Ambrose sighed. "I'm afraid I don't have a solution for you, either."
Aige lifted the hourglass. "No. This is the clue, and you helped me find it."
"You don't expect me to go back in time and save your creator?" Ambrose said. "That's impossible."
Even if Ambrose could return to the past, he wouldn't be able to revive Aige's creator no matter how hard he tried. Harvey had foreseen his own death; Ambrose only had until the moment of Harvey's death to assist him. Once the death came to pass, there would be nothing he could do.
Fate was unidirectional. One could swim upstream, but the river itself did not change course. The past could not be rewritten. Only events not yet fixed could be influenced.
Only fools would try to rewrite history.
Aige shook her head. "No, that's not what I'm talking about. Probe this artifact. The moment I interacted with it, I sensed an awareness, as if it had a soul of its own."
Ambrose accepted the hourglass and immediately understood what she meant.
It was struggling to escape his grasp, as if it were alive.
He was more sensitive to souls than Aige. As his fingers traced its surface, faint light shimmered, forming a familiar face: Arthur Lyon.
"A heroic spirit fused with a relic?" Ambrose muttered. "Just like the ghost ship..."
It was possible for lifeless objects to develop souls of their own, in principle. Ghost ships were the premier example, though even they required highly specific conditions to form.
As Ambrose carefully examined the heroic spirit that had fused with the artifact, realization dawned.

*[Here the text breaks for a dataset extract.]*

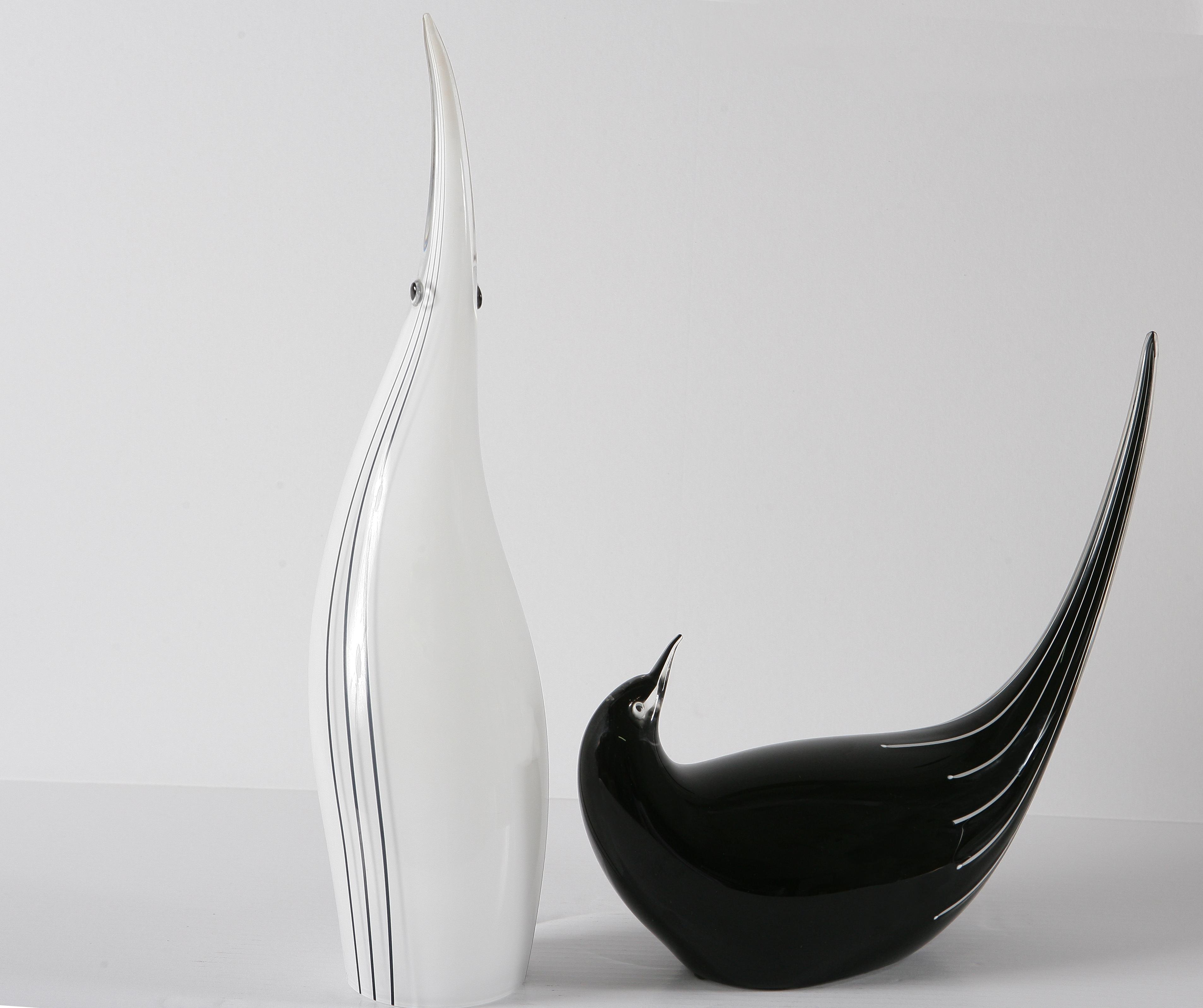 ANONIMO Lotto composto da due opere in vetro. Vetro. Pinguino bianco 40x12x12;Pinguino nero: 35x25x15.

"This isn't Arthur Lyon's true soul at all," Ambrose said excitedly. "He made a powerful wish upon the artifact and used his own soul as nourishment, watering that seed until it grew into a heroic spirit.
"Captain Aige, your creator must have done the same. In the battle that led to his demise, his strongest wish must have been for you to gain true consciousness. That wish became a seed. Fed by his soul, it grew into you..."
Aige fell silent for a long moment before completing Ambrose's train of thought. "So Father used his soul as fertilizer for the seed of his wish, and I was born from it. His soul exists within mine. To resurrect him would mean carving a piece from my own soul. That's why the Wish spell failed—it cannot directly harm the caster. But if I were willing to risk soul damage... I could still revive him."
Excitement flickered in her voice.
Ambrose shook his head. "No. That's a misunderstanding. Your father's soul does not discretely exist within yours, either as a fragment or otherwise.
"Consider this: when a human eats food, it becomes energy and flesh, incorporated into every drop of blood, every fiber of muscle. Can you restore the food by carving out chunks of flesh? Of course not. Once digested, it no longer exists as it was.
"Wish cannot kill you and reverse spiritual matter back into its original form. When you used a Wish spell to restore your father's body, you weren't actually reconstituting his decomposed flesh, but rather creating a similar corpse out of nothing.
"My advice is this: wish for a recreation of the father from your memories instead. It won't be anything more than a false substitute, but it's the only solution I can come up with."